Frania Gillen-Buchert

Personal information
- Nationality: British (Scottish)
- Born: 13 November 1981 (age 44) Cape Town, South Africa

Sport
- Racquet used: Prince 03 Black
- Highest ranking: 53 (July 2003)

Medal record
Representing Scotland
National Championships
| Gold medal – first place | 2006, 2009, 2012 | singles |

= Frania Gillen-Buchert =

Scottish squash player (born 1981)

Frania Gillen-Buchert (born 13 November 1981) is a Scottish female former international squash player who competed at three Commonwealth Games. She made her international debut in 2000 and achieved her career-best ranking of 53 in 2003.

== Biography ==
Buchert graduated at the University of Stirling.

Buchert represented the Scottish team at the 2006 Commonwealth Games in Melbourne, Australia, where she competed with Louise Philip in the women's doubles.

She represented the Scottish team at the 2010 Commonwealth Games in Delhi, India, where she competed in the singles and doubles events reaching the quarter-finals of the women's doubles with Lisa Aitken.

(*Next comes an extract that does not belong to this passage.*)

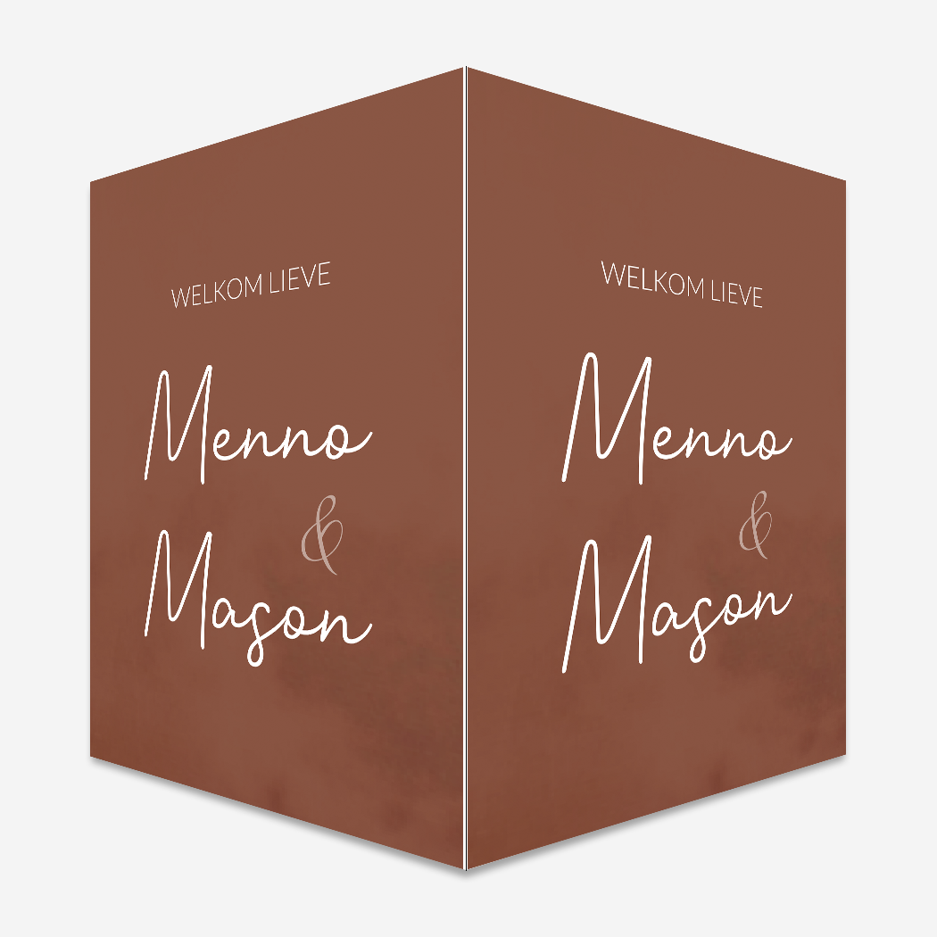 Een gewolkt roest bruin/rood geboortebord voor op het raam met een sierlijk lettertype voor een tweeling. Raambord Menno en Mason is neutraal en simplistisch. Een perfect ontwerp voor een tijdloos kaartje.

Buchert then competed at a third the Commonwealth Games in 2014 representing Scotland. where she competed in the doubles events.

She was a three-times national singles champion at the Scottish National Squash Championships in 2006, 2009 and 2012.

After the 2014 Commonwealth Games, she retired from international squash competitions, ending her 17-year squash career.